##### Dataset excerpts #####

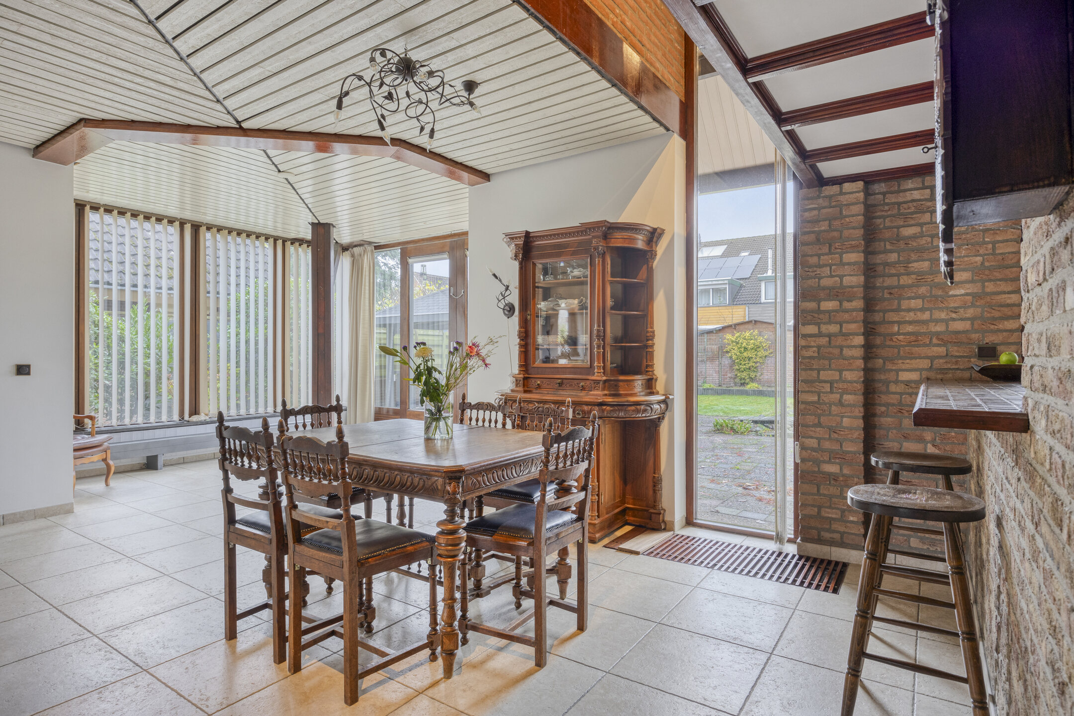 • Aangebouwde serre (1985) met uitzicht op de fraaie tuin
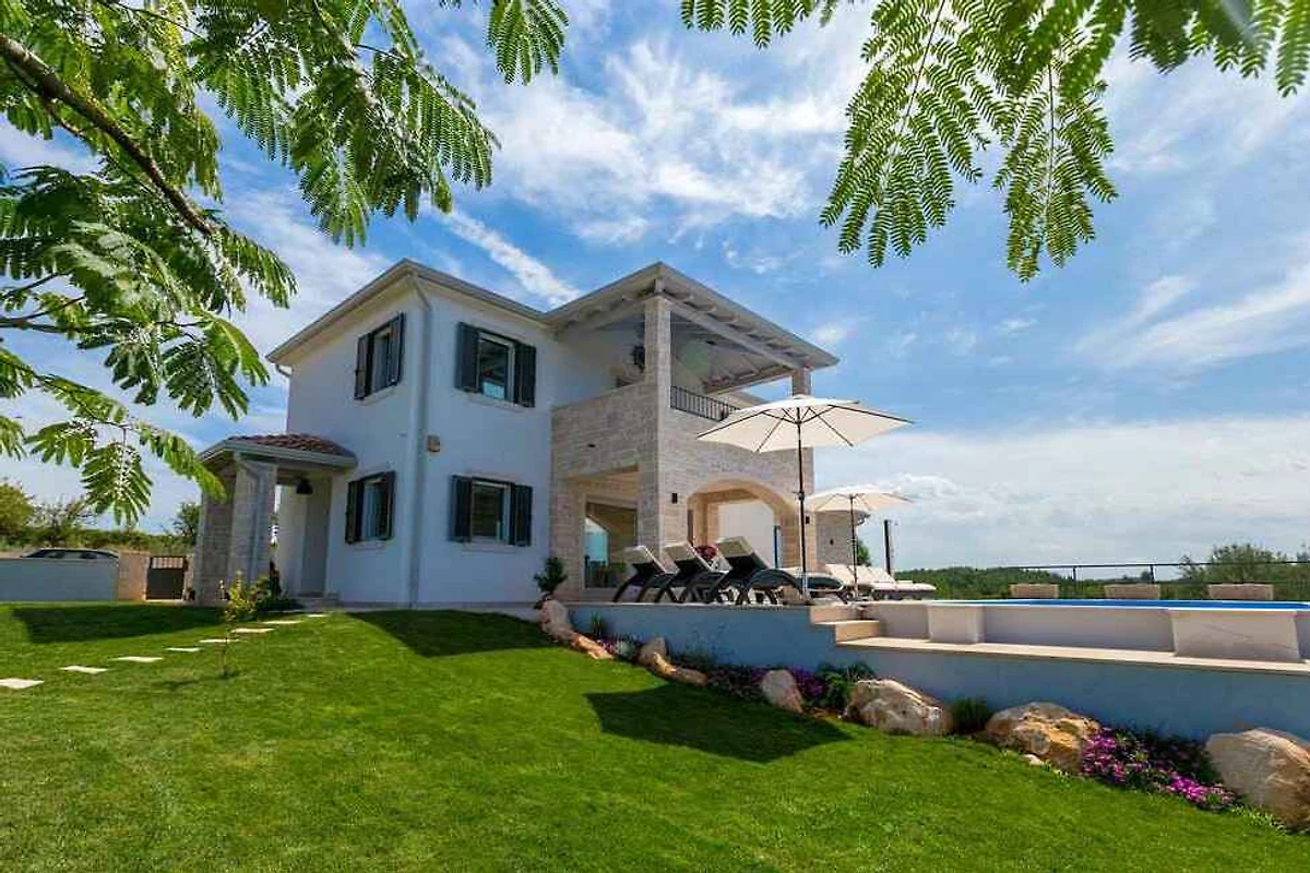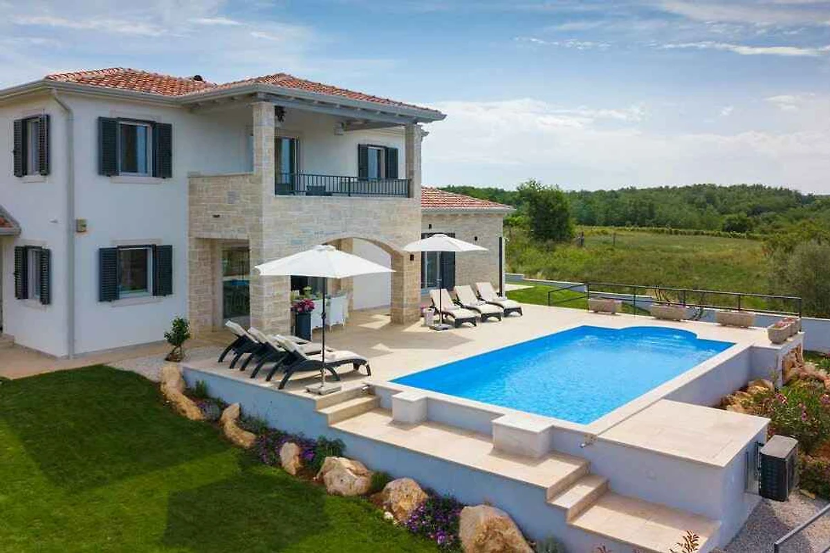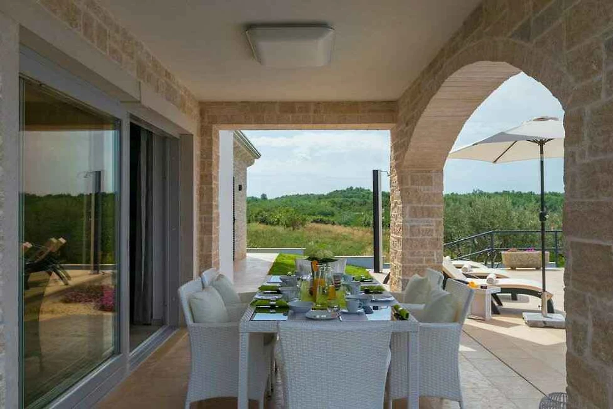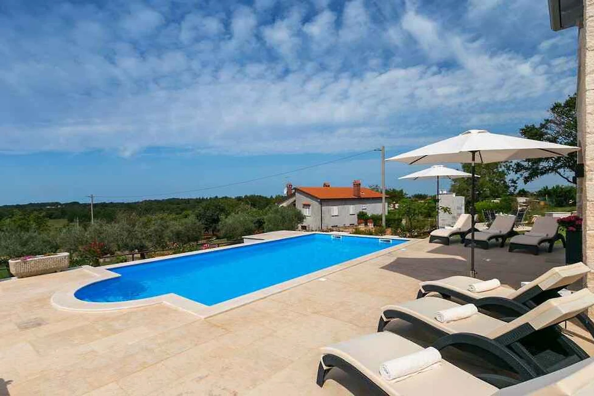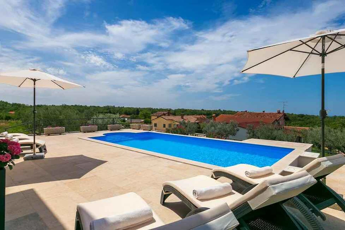 Vižinada. Willa znajduje się na zamkniętej posesji, otoczonej płotem. zapierający dech w piersiach widok na dolinę Mirna i urokliwe kamienne miasteczka w oddali Parking (na 2 samochody os.) na posesji.
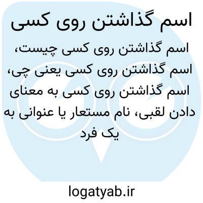 اسم گذاشتن روی کسی به معنای دادن لقبی، نام مستعار یا عنوانی به یک فرد است که ممکن است به خاطر ویژگی خاص، رفتار یا نقش او باشد. این عمل در فرهنگ‌ها به منظور تمجید، تمسخر یا شناخت ساده‌تر فرد انجام می‌شود.
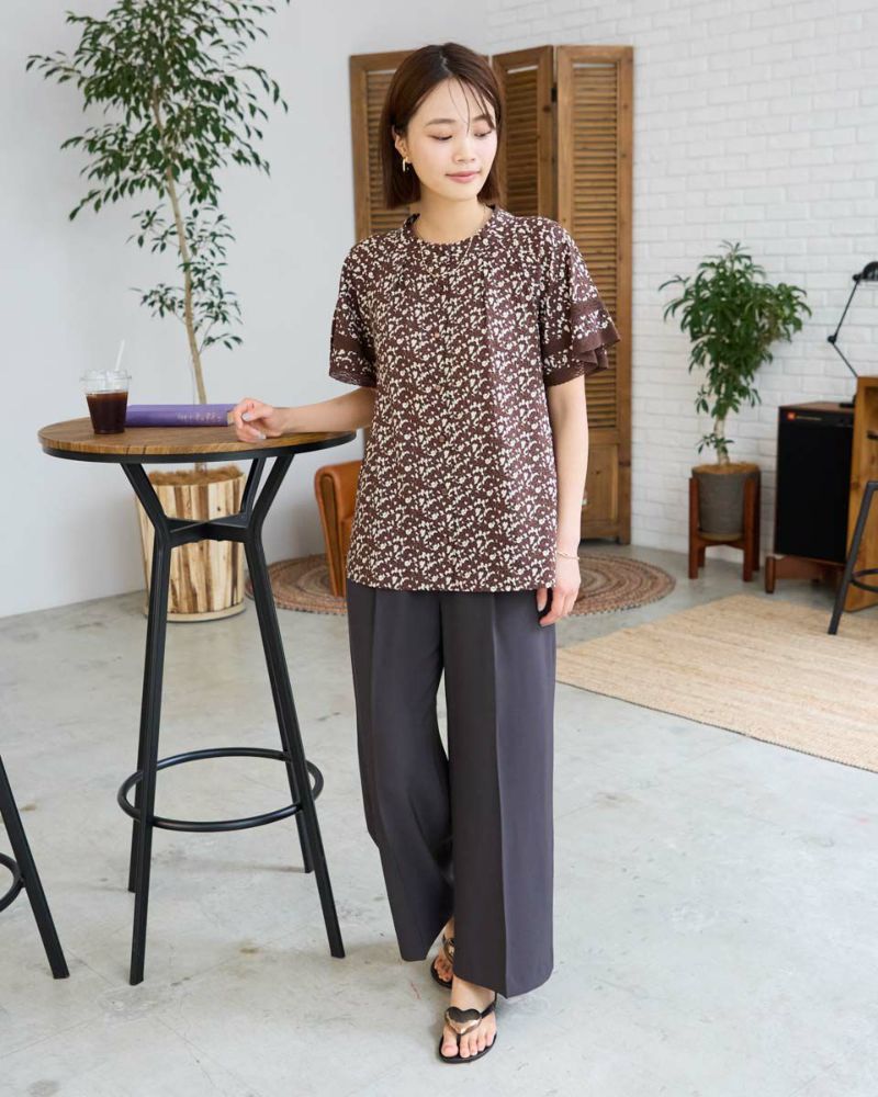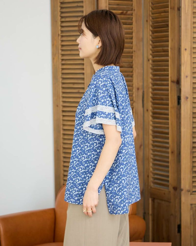 秋の収穫に向けて小さな実を付け始めたオリーブをイメージしたプリントブラウス。肩を優しく包むラグランスリーブは袖口のフレアが揺れ優雅で涼しげ。袖下の内側にマチを付けているため脇や下着が見えにくく1枚着もしっかり担います。素材がしなやかに落ちるため上品な佇まいが魅力です。蒼く茂る葉を落ち着いたトーンで表現し、全体的にシックなため初秋まで着用が可能。綺麗めなボトムスと合わせてオフィスや学校行事でお召しになっても素敵です。デニムやカゴバックとのカジュアルコーデも◎パールやスキンジュエリーで光を添えたコーデも梅雨どきの曇天に映えおすすめです。
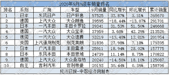 此外,卡羅拉9月銷售3.93萬(wàn)輛,同比增長(zhǎng)31.53%,環(huán)比增長(zhǎng)51.5%,排名躍升至第三位;雷凌和思域分別銷售2.59萬(wàn)輛和2.47萬(wàn)輛,同環(huán)比均實(shí)現(xiàn)上升,并分別位于榜單第七位和第八位。
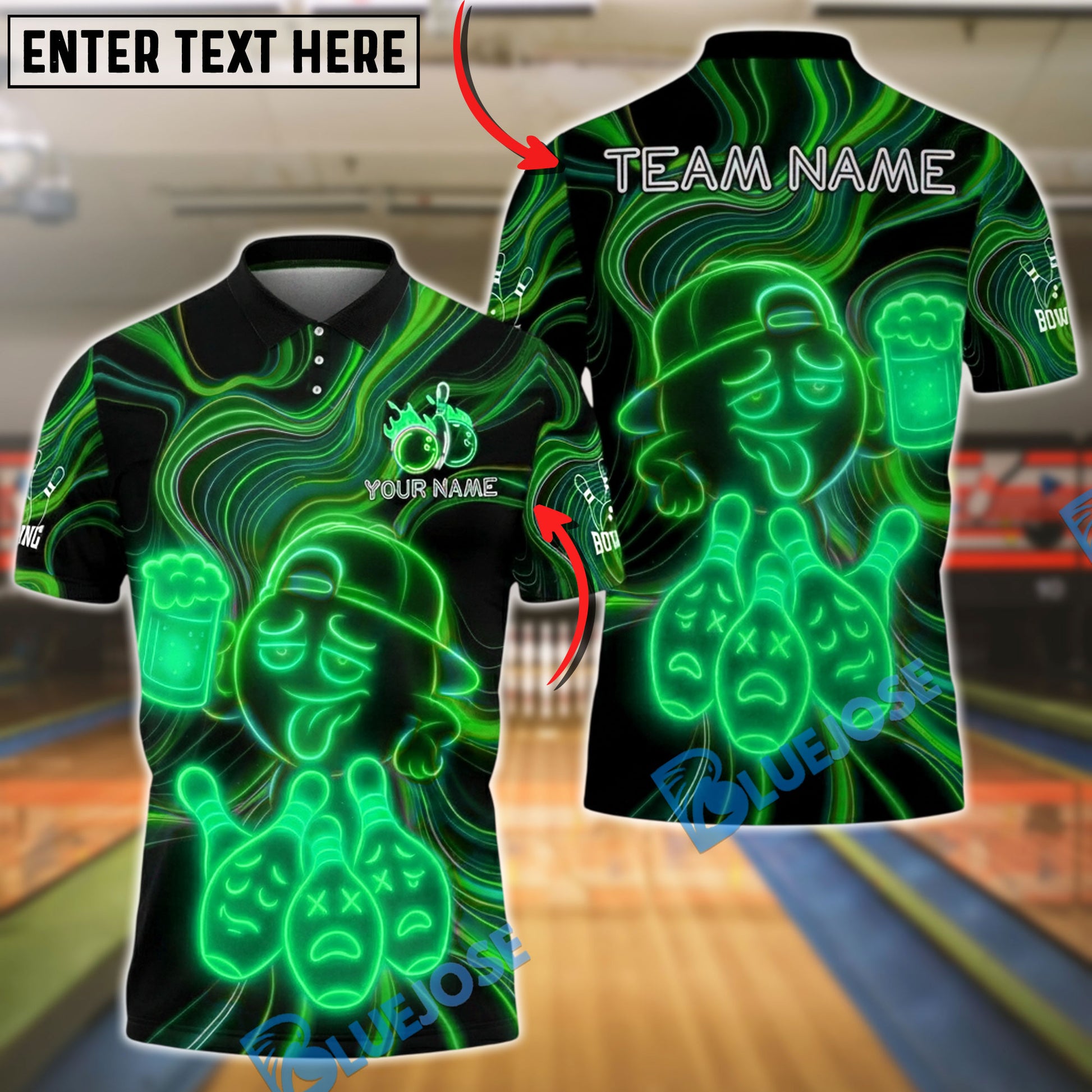 BlueJose Bowling And Pins Beer Funny Drunk Emoji Customized Name, Team Name 3D Shirt (4 Colors)
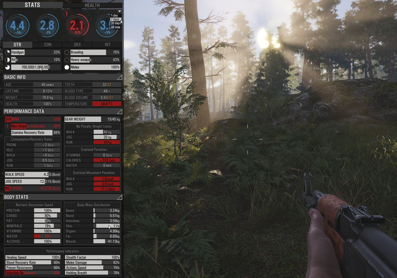 SCUM neuestes und wohl auch aufregendstes Update 0.5 hat viele Überraschungen für uns. In erster Linie natürlich das neue Stoffwechsel-System, woran seit Wochen schon gearbeitet wird. Tomislav Pongrac hat nun einen ersten Screenshots dessen enthüllt, um auch die Gemüter in der Community dazu zu beruhigen - besonders bezüglich dem Survival-Aspekt von SCUM. Schauen wir einfach mal in den kürzlich auf Twitter veröffentlichten Screenshot rein:
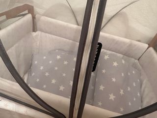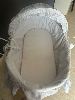 Mosquitera para minicuna con un diseño de estrellas grises y blancas. Protege al bebé de insectos y gatos. Comprada en diciembre. Se vende porque a mi hija no le gusta la minicuna. - Tejido de malla transpirable. - Cremallera frontal para fácil acceso. - Pequeñisimo enganche que se ve en las fotos.
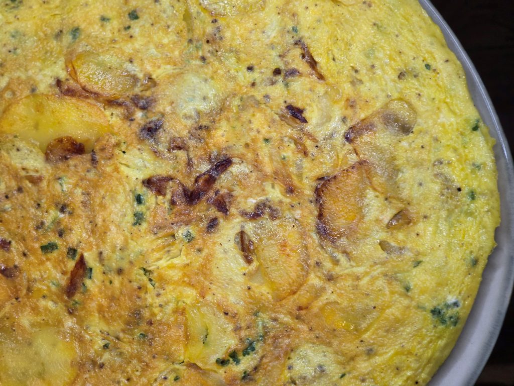 Ech breeden meng Tortilla de patata mat frëschen Zutaten zou. Keng virgekooschten Gromperen, keent Ei aus dem Pak, keen Cube. Goût entsteht hei net durich Zusatzstoffer, mee durich Zekt, Fett an Temperatur. Gromperen entweckelen Séissheet, wann een sie gemellig gart. Eier jiän crèmig, wann een sie net quält. Olivenualig drigt den Aroma, wann en net verbrennt. Datt ass keng Nostalgie, datt ass Physik an Chemie mat goudem Timing.
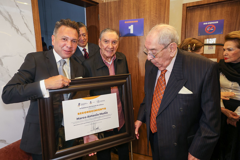 Durante la ceremonia, Pablo Lemus Navarro, Gobernador de Jalisco, entregó un reconocimiento a Marco Antonio Muñiz, quien, a sus 92 años, continúa como un símbolo de identidad y orgullo jalisciense.
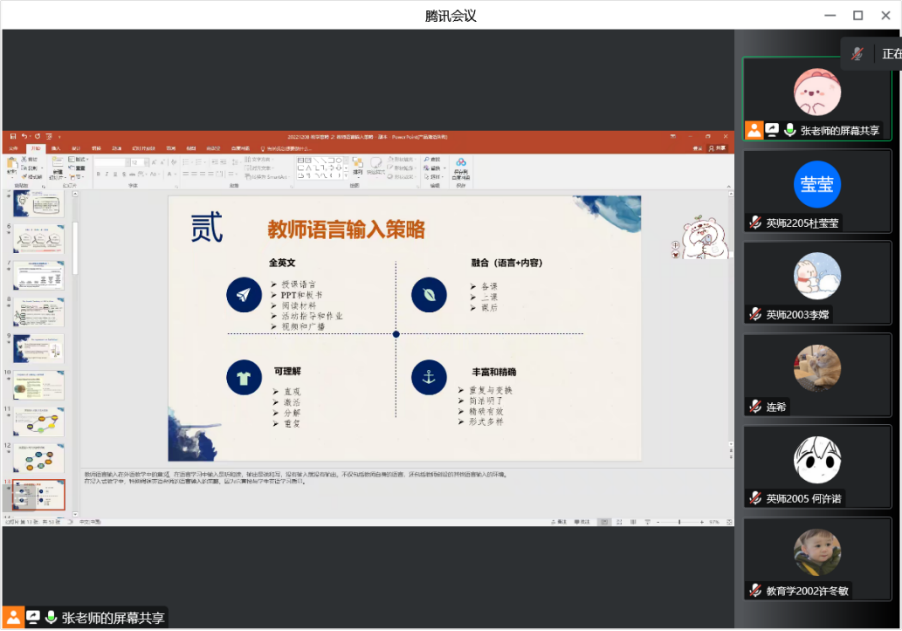4日上午,学院张效珍副教授向2020级学生开展了以“英语浸入式教师课堂语言输入策略”为主题的讲座。张效珍对比了国内外英语浸入式教学的差异,指出国内英语浸入式教学的迫切性。她通过多个优秀教学案例深入浅出地阐释了英语浸入式教学中语言输入的四个策略,强调英语浸入式教学在提升学生人际交往语言和学术语言能力方面的重要作用。
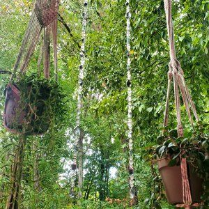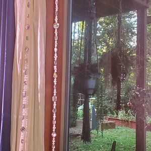 These pieces are hand crafted, and each strand varies. Strung using monofilament and a variety acrylic gemstones and beads of different sizes. While there is a moderate loop at the top for you to hang in different ways, I've added metal curtain hooks so you can hang them straight away.

#####

▶ [Directions for this task]: Would you transcribe the lines above exactly, going from the line bearing "Vižinada. Willa znajduje" through the line bearing "SCUM neuestes und", and drop the pictures from the copy?

▶ [Reply to the task]:
 Vižinada. Willa znajduje się na zamkniętej posesji, otoczonej płotem. zapierający dech w piersiach widok na dolinę Mirna i urokliwe kamienne miasteczka w oddali Parking (na 2 samochody os.) na posesji.
 اسم گذاشتن روی کسی به معنای دادن لقبی، نام مستعار یا عنوانی به یک فرد است که ممکن است به خاطر ویژگی خاص، رفتار یا نقش او باشد. این عمل در فرهنگ‌ها به منظور تمجید، تمسخر یا شناخت ساده‌تر فرد انجام می‌شود.
 秋の収穫に向けて小さな実を付け始めたオリーブをイメージしたプリントブラウス。肩を優しく包むラグランスリーブは袖口のフレアが揺れ優雅で涼しげ。袖下の内側にマチを付けているため脇や下着が見えにくく1枚着もしっかり担います。素材がしなやかに落ちるため上品な佇まいが魅力です。蒼く茂る葉を落ち着いたトーンで表現し、全体的にシックなため初秋まで着用が可能。綺麗めなボトムスと合わせてオフィスや学校行事でお召しになっても素敵です。デニムやカゴバックとのカジュアルコーデも◎パールやスキンジュエリーで光を添えたコーデも梅雨どきの曇天に映えおすすめです。
 此外,卡羅拉9月銷售3.93萬(wàn)輛,同比增長(zhǎng)31.53%,環(huán)比增長(zhǎng)51.5%,排名躍升至第三位;雷凌和思域分別銷售2.59萬(wàn)輛和2.47萬(wàn)輛,同環(huán)比均實(shí)現(xiàn)上升,并分別位于榜單第七位和第八位。
 BlueJose Bowling And Pins Beer Funny Drunk Emoji Customized Name, Team Name 3D Shirt (4 Colors)
 SCUM neuestes und wohl auch aufregendstes Update 0.5 hat viele Überraschungen für uns. In erster Linie natürlich das neue Stoffwechsel-System, woran seit Wochen schon gearbeitet wird. Tomislav Pongrac hat nun einen ersten Screenshots dessen enthüllt, um auch die Gemüter in der Community dazu zu beruhigen - besonders bezüglich dem Survival-Aspekt von SCUM. Schauen wir einfach mal in den kürzlich auf Twitter veröffentlichten Screenshot rein:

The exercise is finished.